** What to do **
Nothing but the lines from the start of the data through the line with "公路工程施工 | 吴堡县张家山镇高家塄村田间道路建设工程" should appear in the answer, each retyped exactly, and pictures should not.

(Records provided)

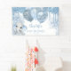 For an elegant Baby Shower. A chic white background. Decorated with faux glitter drips, paint dripping look,glitter dust, blue and silver colored balloons and a baby elephant. Personalize and add the name. Perfect both as a welcome banner or as party decor.
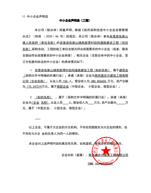 | * | 公路工程施工 | 吴堡县张家山镇高家塄村田间道路建设工程 | 工程量清单包含全部工程内容 | **日历天 | 孙璐 | 陕************ | ***,***.** |
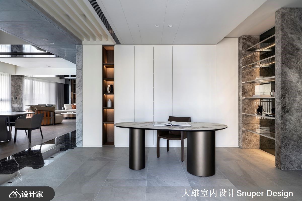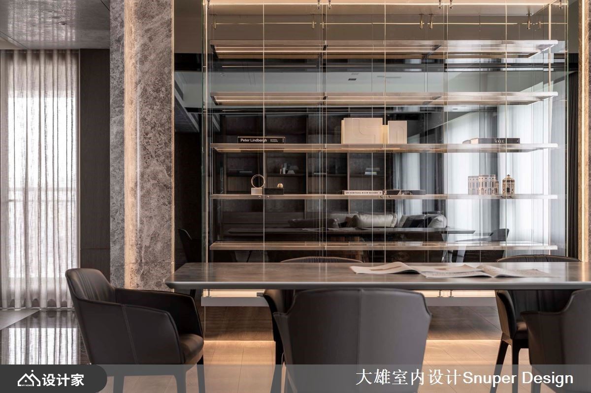 坐拥河岸第一排壮丽景观的264平米中古屋,大雄室内设计 林政纬设计师掌握绝佳的视野条件及开阔景致,空间配比上将公领域极大化,并引入四季更迭及窗景绿意,化身全家人天然的居家景深,感受无所不在的生活之美! 迈入公领域,以开放式设计为主轴,获取更加辽阔的视觉飨宴,同时善用居宅原先的梁柱延伸,及石纹与木质地坪的衔接转换,细细阐述着优雅的轴线尺度,更导引着居者的行走轨迹;餐厅后方设置大面展示空间,作为屋主丰富的书籍收藏的最佳舞台,更细细叙说居宅的独特魅力之处,其次,餐厨空间以深色系擘划,与浅色系的休憩客厅相比,隐喻着场域间的转换及衔接,同时透过卡拉拉白大理石、水磨石、灰镜等丰富元素,佐以镀钛金属线条,描绘鲜明的空间表情更堆叠时尚都会的视觉层次;最后,将书房规划于公、私领域的转折处,打造居者走入私密空间的仪式感。
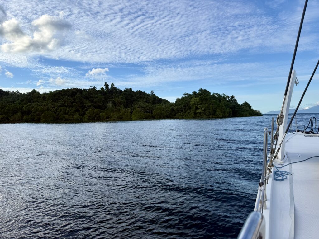 Rowan got back in the dinghy and we went a little further around the island to the jetty in front of the smarter resort and snorkelled from there. The coral was lovely, not quite so many fish, but the visibility was better. Rowan saw a shark when we first got in but I never saw it, he said it got a fright and sped off! We snorkelled to the end of the reef before getting out and circumnavigating the little island. It was pretty bouncy crossing back to PolePole, always pleased to see the pretty dodgy mooring line holding her still. We had a relaxing afternoon, and were amazed at the constant stream of long boats passing us by. They all have what sound like lawn mower engines that put put along. We can’t believe they are all fishing. There are many more villages and towns around the coast here, so assume they are going between towns. A few come into the bay, but we can’t communicate, they speak no English, so different from coming up through Vanuatu, Solomon’s and PNG. The boats are not laden with goods to trade like we saw in Solomon’s and PNG.
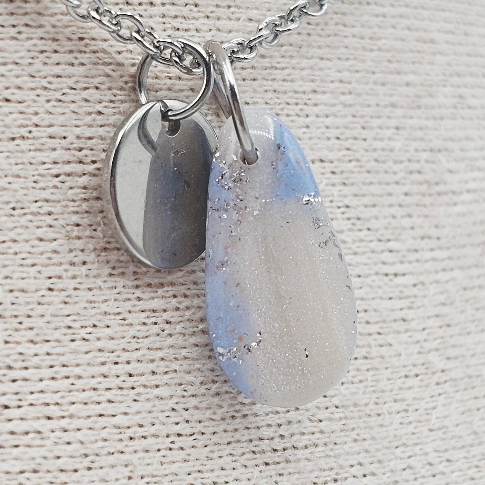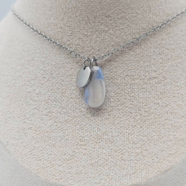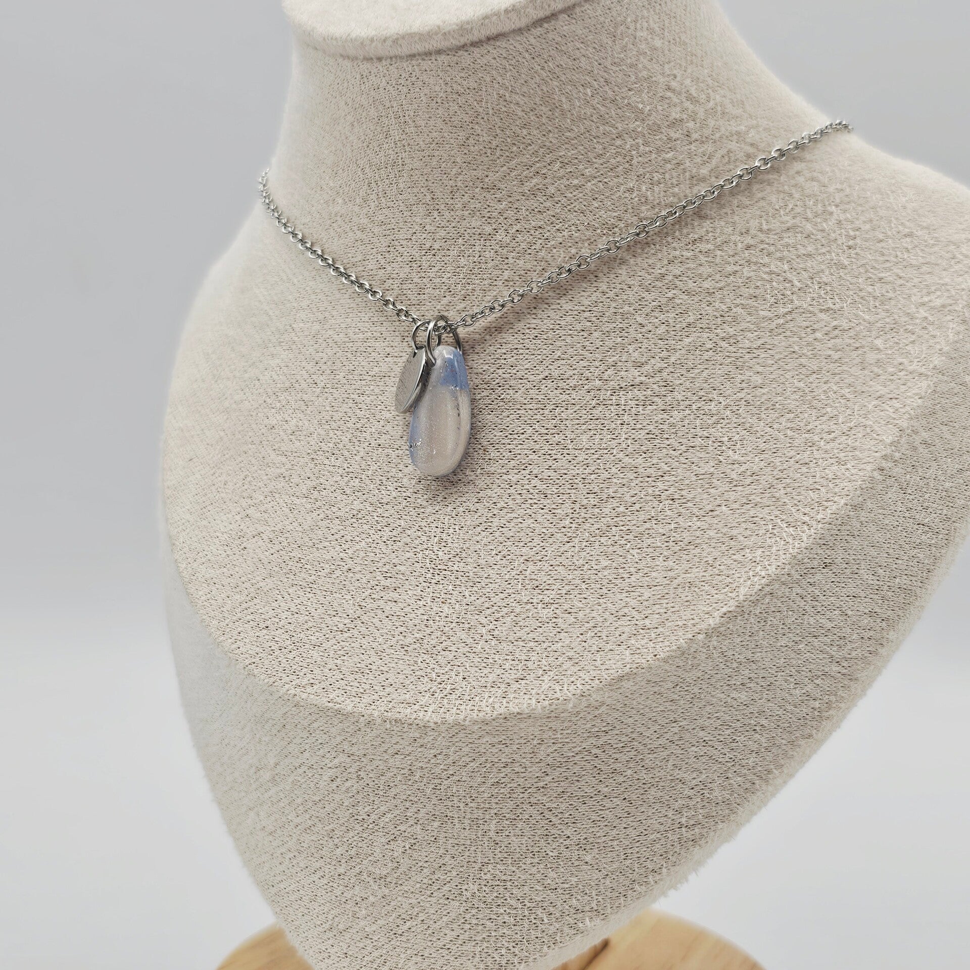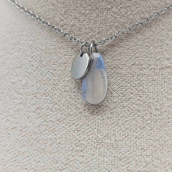 Diese Kette besticht durch den eleganten Tropfenanhänger aus hellblauem und perlmuttfarbenem Polymerton, welcher mit Silberfolieflocken verziert ist.
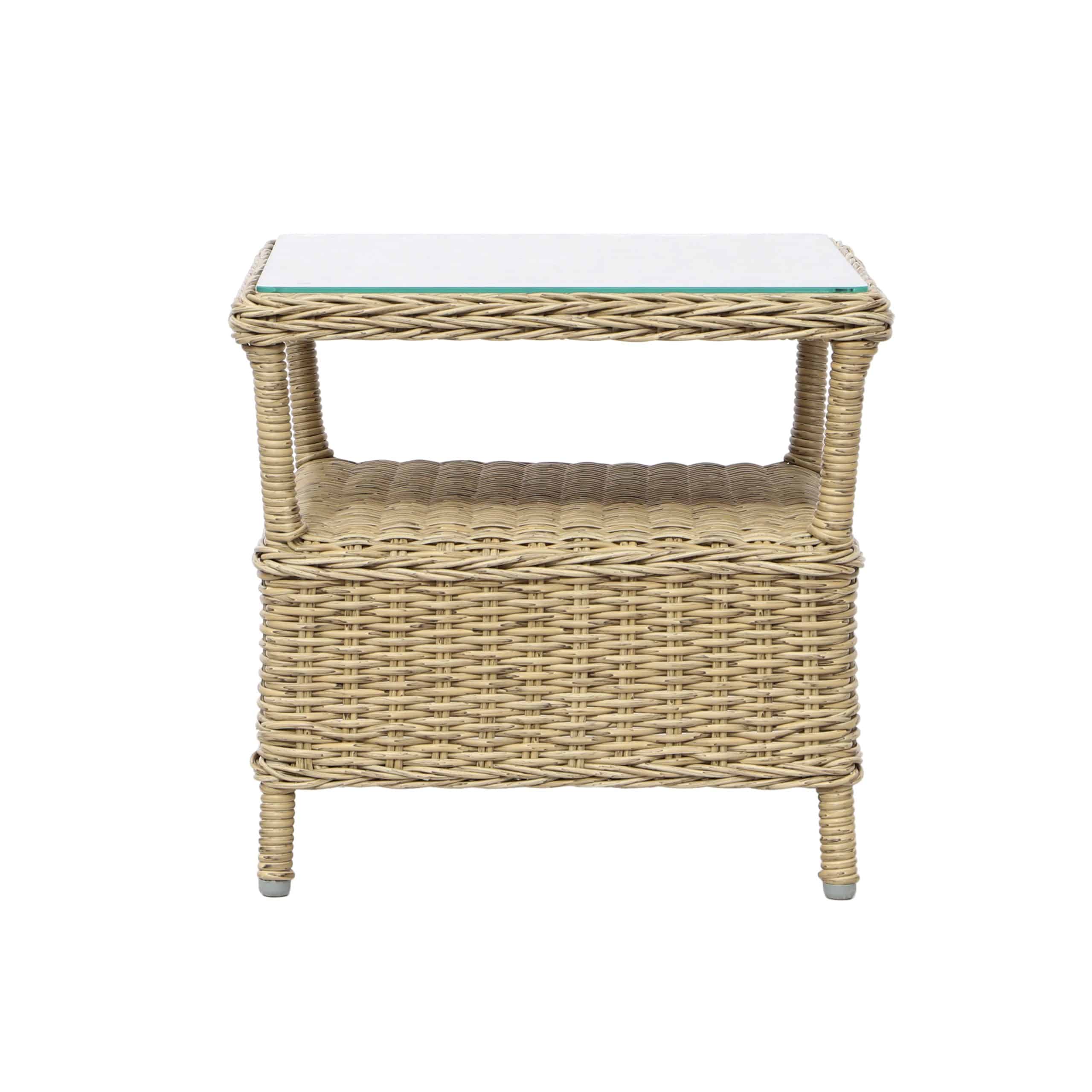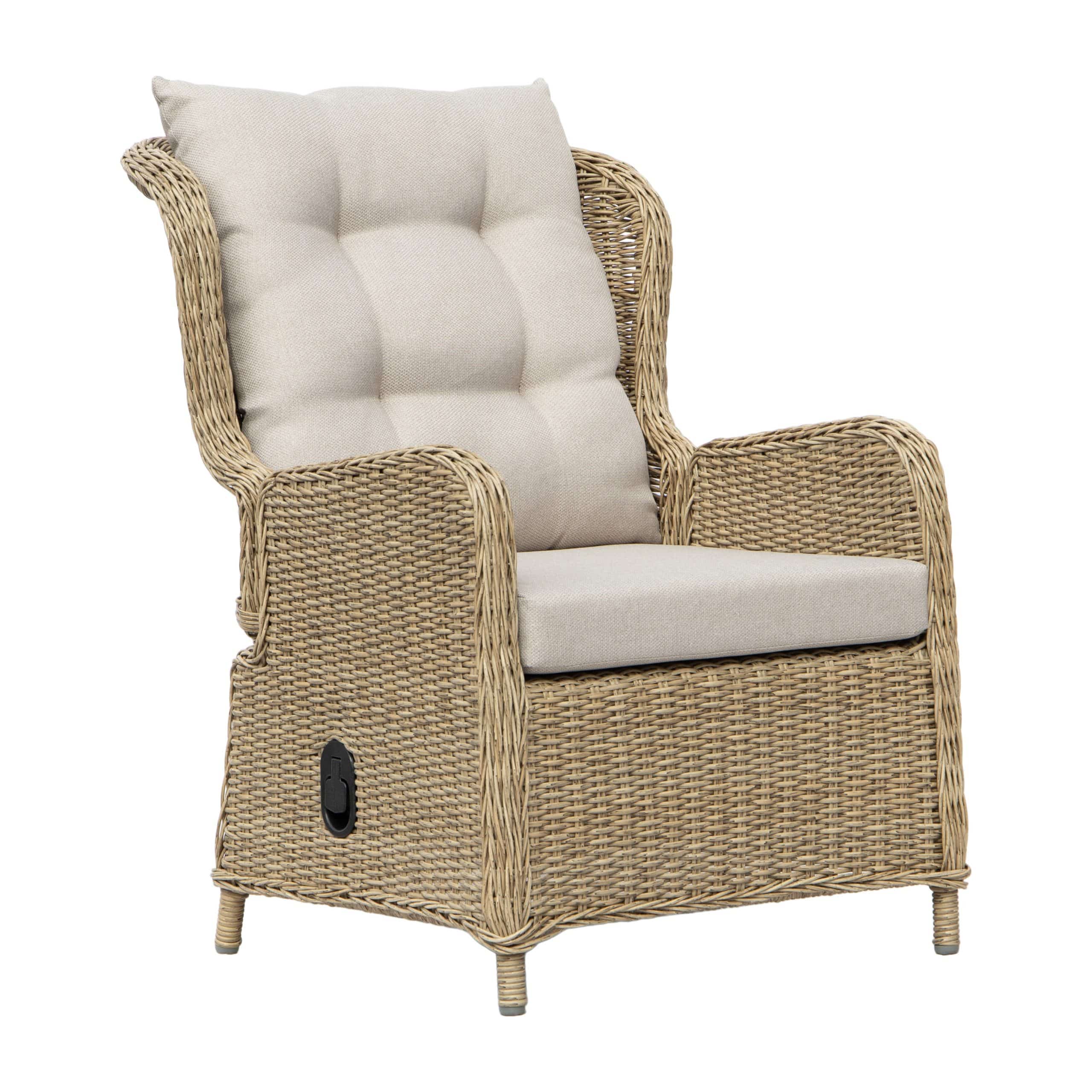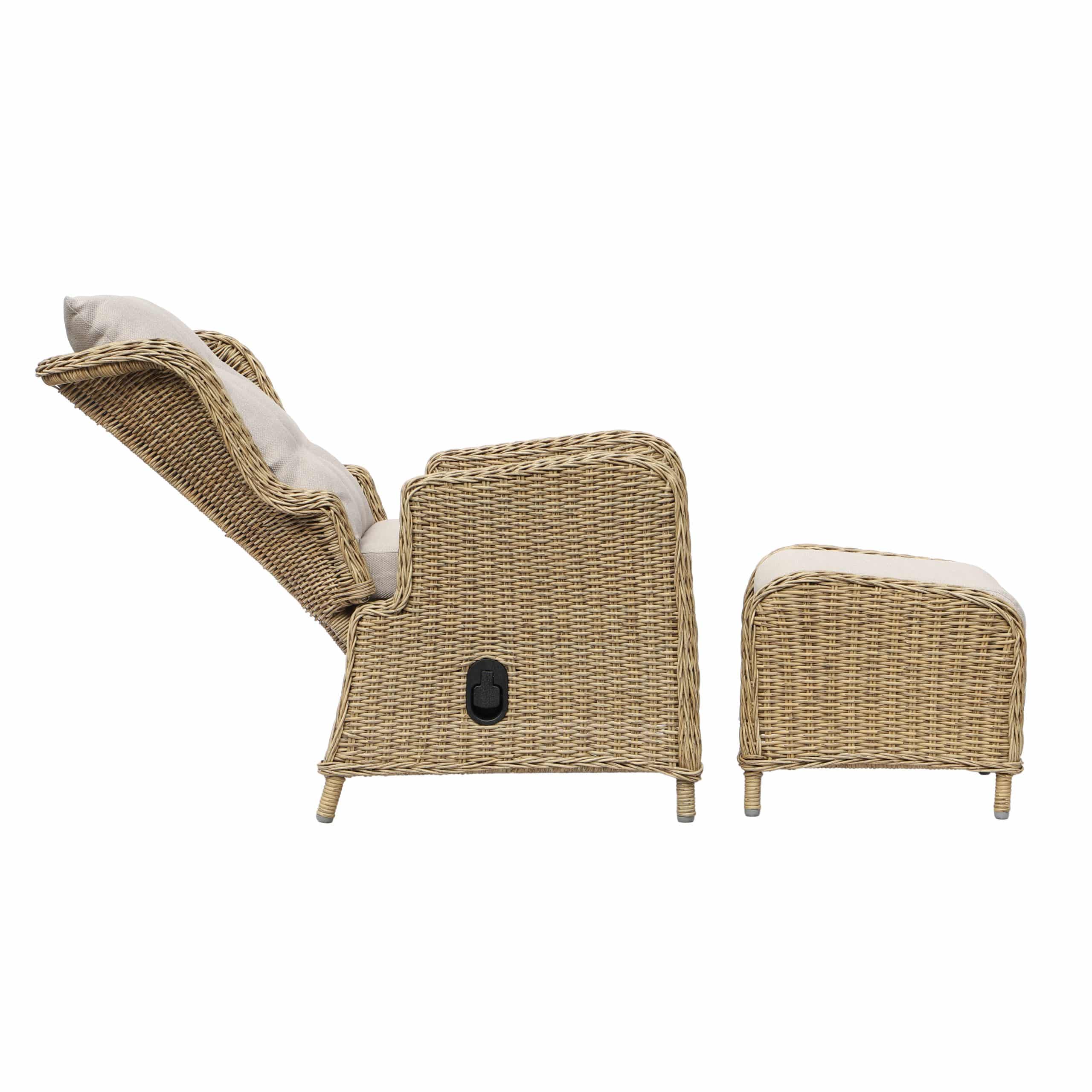 Luksus hyggesæt i polyrattan | Positionsstole, fodskammel og praktisk sidebord

(End Records provided)

** Answer section **
 For an elegant Baby Shower. A chic white background. Decorated with faux glitter drips, paint dripping look,glitter dust, blue and silver colored balloons and a baby elephant. Personalize and add the name. Perfect both as a welcome banner or as party decor.
 | * | 公路工程施工 | 吴堡县张家山镇高家塄村田间道路建设工程 | 工程量清单包含全部工程内容 | **日历天 | 孙璐 | 陕************ | ***,***.** |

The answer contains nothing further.